[Data to process Boundary: Start]

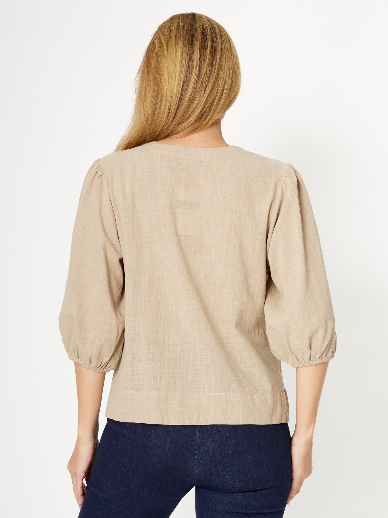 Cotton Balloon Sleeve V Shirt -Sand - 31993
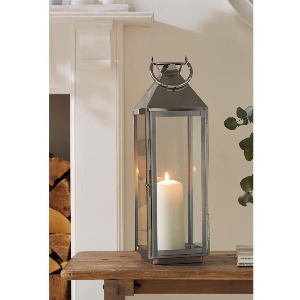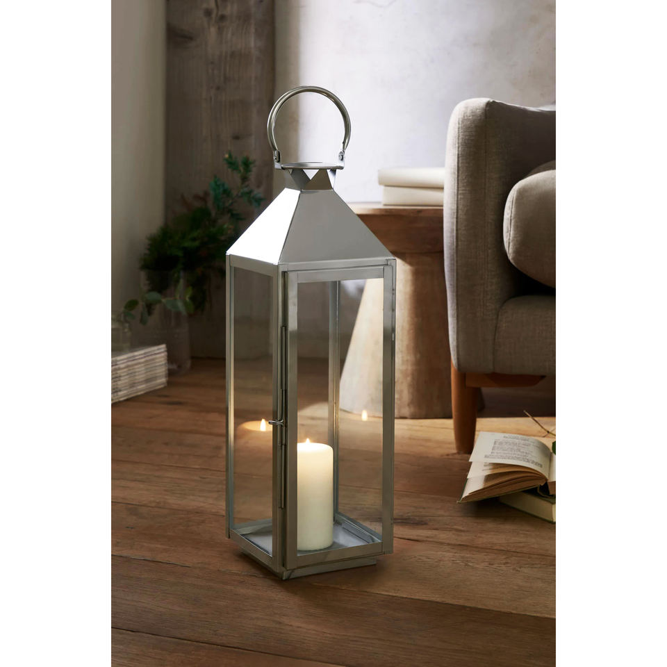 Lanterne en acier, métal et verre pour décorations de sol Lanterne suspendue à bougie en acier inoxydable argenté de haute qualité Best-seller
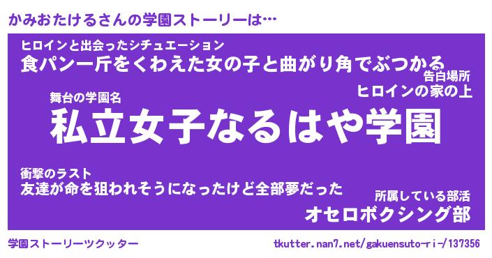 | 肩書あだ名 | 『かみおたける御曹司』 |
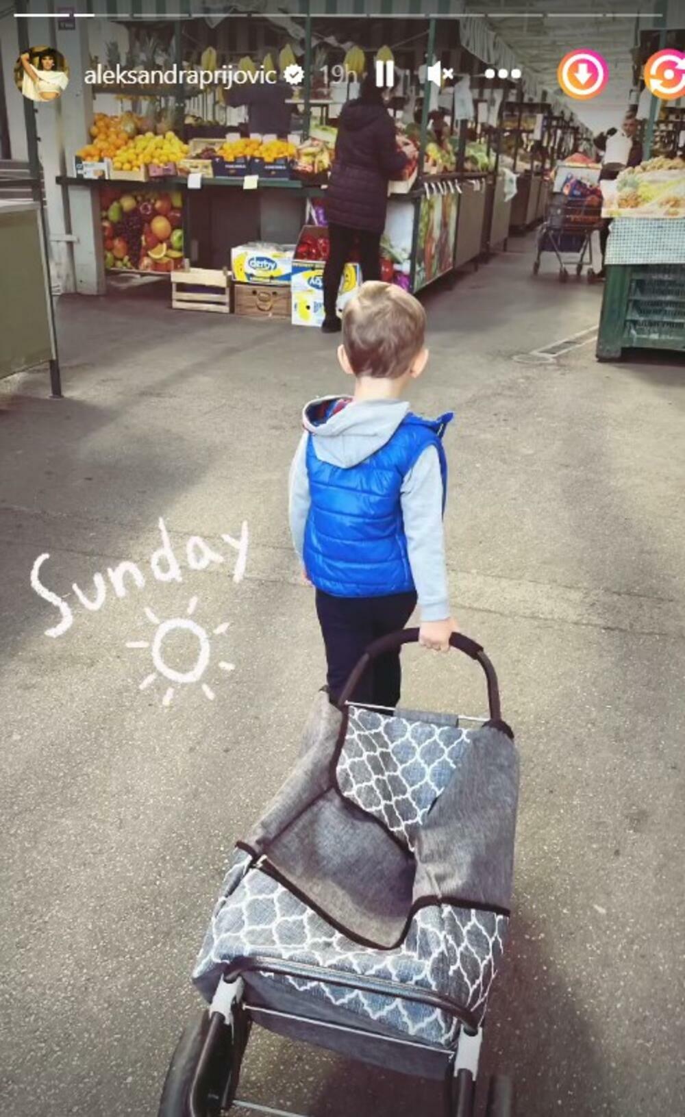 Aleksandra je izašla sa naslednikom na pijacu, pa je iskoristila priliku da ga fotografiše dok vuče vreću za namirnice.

[Data to process Boundary: End]
[Data to process Boundary: Start]

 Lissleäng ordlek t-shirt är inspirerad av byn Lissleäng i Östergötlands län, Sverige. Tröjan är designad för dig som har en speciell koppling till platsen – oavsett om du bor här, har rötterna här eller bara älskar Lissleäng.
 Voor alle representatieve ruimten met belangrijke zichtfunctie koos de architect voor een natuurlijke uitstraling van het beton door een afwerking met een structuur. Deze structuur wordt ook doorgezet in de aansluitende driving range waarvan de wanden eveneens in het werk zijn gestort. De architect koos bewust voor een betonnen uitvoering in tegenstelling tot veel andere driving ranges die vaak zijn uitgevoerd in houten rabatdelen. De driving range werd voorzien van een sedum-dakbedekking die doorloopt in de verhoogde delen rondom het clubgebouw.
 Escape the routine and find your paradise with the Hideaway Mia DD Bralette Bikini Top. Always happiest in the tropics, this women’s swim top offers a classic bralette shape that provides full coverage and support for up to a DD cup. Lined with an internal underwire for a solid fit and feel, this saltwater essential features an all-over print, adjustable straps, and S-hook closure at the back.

[Data to process Boundary: End]
[Data to process Boundary: Start]

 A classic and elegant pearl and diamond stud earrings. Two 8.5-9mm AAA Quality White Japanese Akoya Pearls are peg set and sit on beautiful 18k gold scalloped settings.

[Data to process Boundary: End]

About this task: Look above for the line with "Cotton Balloon Sleeve V Shirt -Sand - 31993" and the line with "肩書あだ名 | 『かみおたける御曹司』 |", then copy exactly the lines from the first through the second, both kept, with no pictures.

Your solution:
 Cotton Balloon Sleeve V Shirt -Sand - 31993
 Lanterne en acier, métal et verre pour décorations de sol Lanterne suspendue à bougie en acier inoxydable argenté de haute qualité Best-seller
 | 肩書あだ名 | 『かみおたける御曹司』 |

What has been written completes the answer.